Wczoraj nie bardzo mogłam tu zajrzeć, bo jakiś zagoniony dzień miałam, obiadek u teściów, no i się przedłużyło, więc wróciliśmy bardzo późno do domku... A dziś jakiś ciag dalszy, niedługo lecę do siostry na imieninowy obiadek i ciasteczko:-pNa razie mam jednak ciszę i spokój, i niczym nie skrępowany dostęp dp kompa, bo mój Mąż dzisiaj... w więzieniu... (śpiewają z naszym chórem na jakiejś Mszy dla więźniów, a ja jako cieżarna zostałam zwolniona z tej imprezy:tak:).
Iwee wielkie gratulacje! Cały czas się zastanawiam jak to jest czuć nie jedno, ale dwa Maluszki w sobie :shocked2:
Isabela, ja nie powinnam oglądać takich filmików... ja mogę być w ciazy, ale rodzić NIE CHCĘ! Po prostu niech mnie uśpią, wytną dziecko, a potem wybudzą... i tak nie będę się umiała nim zająć:no:
Normalnie myślałam, że się porzygam, za przeproszeniem. Nie dam rady, sorry. Taka mnie refleksja naszła, tak, śmiejcie się, że ja nawet nie mam tyle miejsca między nogami, żeby dziecko mi się tamtędy przepchnęło... Może jeszcze jakby mi się ten poród zaczynał naturalnie, to pewnie jest inaczej.
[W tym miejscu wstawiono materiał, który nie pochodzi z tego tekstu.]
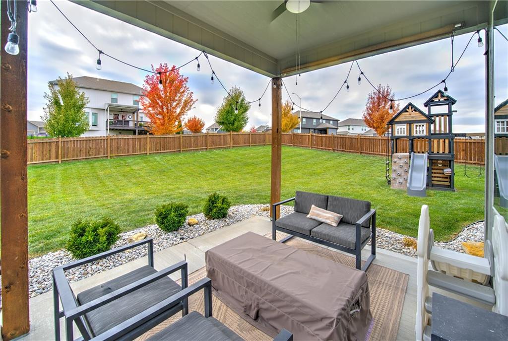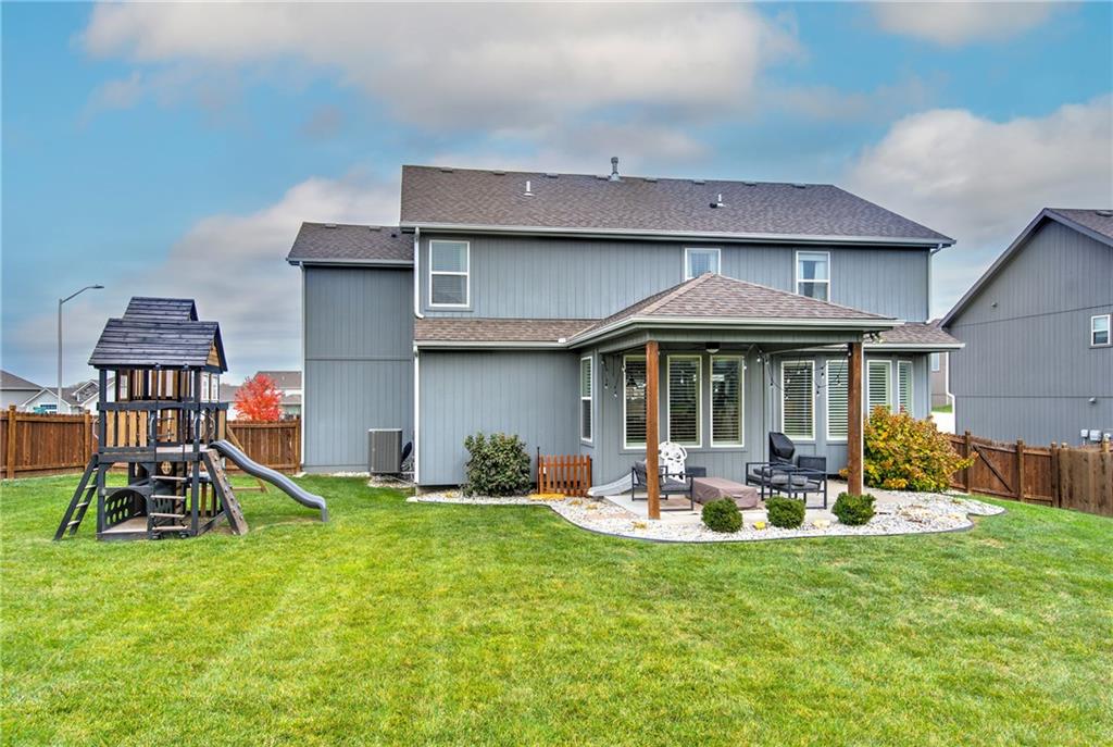 This two-story home, built in 2018, shows the pride of ownership. It looks like new without the wait! Entering you see the hardwood floors and vaulted ceilings, open floor plan and its almost 3,500'. The main level features a formal dining area into the living room, with a beautiful fireplace, large windows for the sun to shine through. And nice built-in shelving. The eat-in kitchen has beautifully painted cabinetry, an island with extra seating, and a large walk-in pantry with a nice 1/2 bath on the main level. From the kitchen, you can access the covered patio, an ideal space for entertaining and watching the kids and pets play in the fenced back yard. Situated on a 0.26-acre lot, the backyard offers nice landscaping, a privacy fence, and nice plants and bushes. Upstairs, the primary suite awaits, complete with a tray-lit ceiling and large windows. The oversized primary bathroom features beautifully tiled floors and shower, a large soaker tub, and a spacious walk-in closet. Also includes two additional bedrooms with a Jack and Jill bath, a 4th bedroom with private suite, and a nice laundry room on this level. The lower level, finished in 2020, incorporates the modern finishes and attention to detail found throughout the rest of the home. It features a tiled wet bar with extra cabinetry, a sink, and quartz counters, and an extra count top perfect for the kids to do homework or just a place to enjoy. A cozy family room and 2nd fireplace. The fifth bedroom/office, with double door entry, and the fourth full bath complete this level, with luxury vinyl plank floors throughout With access to the wonderful amenities Benson Place Fieldstone has to offer and located within the award-winning Liberty School District. This home truly has it all. Come See, Fall in Love and make this your next place to call Home.

Ale ponieważ pewnie będą go indukować ze dwa tygodnie przed terminem różnymi możliwymi sposobami (nie tylko kroplówką z oxy- to jest akurat wersja light), to nie sądzę, żeby mój organizm był gotowy na cokolwiek. Ciekawe, jak z gotowością dziecka :confused:
Poza tym nie wiem o czym ja myślałam decydując się na dziecko. Że co, że będzie takie ładne, spokojne, różowe, słodkie cały czas?! Qrde, mam wrażenie, że porwałam się na coś, z czego niekoniecznie zdawałam sobie sprawę, a teraz za póżno żeby się wycofać. Nie znam się na dzieciach, nie przepadam za nimi, nie mam instynktu przedszkolanki albo matki-polki, nie mam pojęcia jak się obchodzić np. z chorym dzieckiem, i z dzieckiem w ogóle, nie wiem, jak rozpoznam, że płacze bo ma mokro, a nie chce mu się jeść, albo na odwrót, finansowo chyba polegniemy, jeśli chcę iść na choc trochę wychowawczego, mając kredyt na karku... No i moje Małe to pewnie teraz odczuwa. Niezły życiowy start, nie ma co... :sad::no2:
Ojejku smutno mi sie zrobiło po przeczytaniu.A te twoje rosterki świadczą tylko o tym,że kochasz to dzieciątko i chcesz dla niego jak najlepiej. Rosea kochana ,juz teraz jest między tobą a maleństwem bardzo silna więź-a po porodzie sama zobaczysz jak jużgo pod sercem nie bedzie to jak wezmą choć na chwilkę to bedzie ci sie wydawać ,że kazda minutka to wieczność- zrozumiecie sie bez słów- i uwierz bedziesz robic wszystko instynktownie- wszystko przyjdzie w swoim czasie.Każego dnia po narrodzinach bedziesz nabywać nowe doświadczenia ,a każdy mały wyczyn maluszka bedzie bardzo ważny dla ciebie - kiedy poraz pierwszy sie odwruci samo na boczek, kiedy bedzie gawożyć i powtarzać -a gu !!! po tobie. Kiedy poraz pierwszy usłyszysz słowo mama -bedziesz najszczęśliwsza pod słońcem. I juz sie nie bedziesz mogła doczekać kiedy bedzie siedzieć , raczkować chodzić. Za twą miłość i troskę maluszek będzie ci sie odpłacać uśmiechem- a jak podrośnie i bedzie w wieku mojego Olusia -jak zapytasz czy cie kocha uściska cie i da ci ogromniastego buziaka.
Zobaczysz sama kochana .
A porodu naturalnego nie doświadczyłam- tylko cesarkę - ale powiem ci że przy naturalnym męczysz sie kilka godzin- a po cesarce czeka długi okres rekonwalenscencji i ogromniasty ból, na początku z płaczem wstajesz i wogóle - ale miłość do maluszka i maluszek jest najlepszym znieczuleniem na każdy rodzaj bólu.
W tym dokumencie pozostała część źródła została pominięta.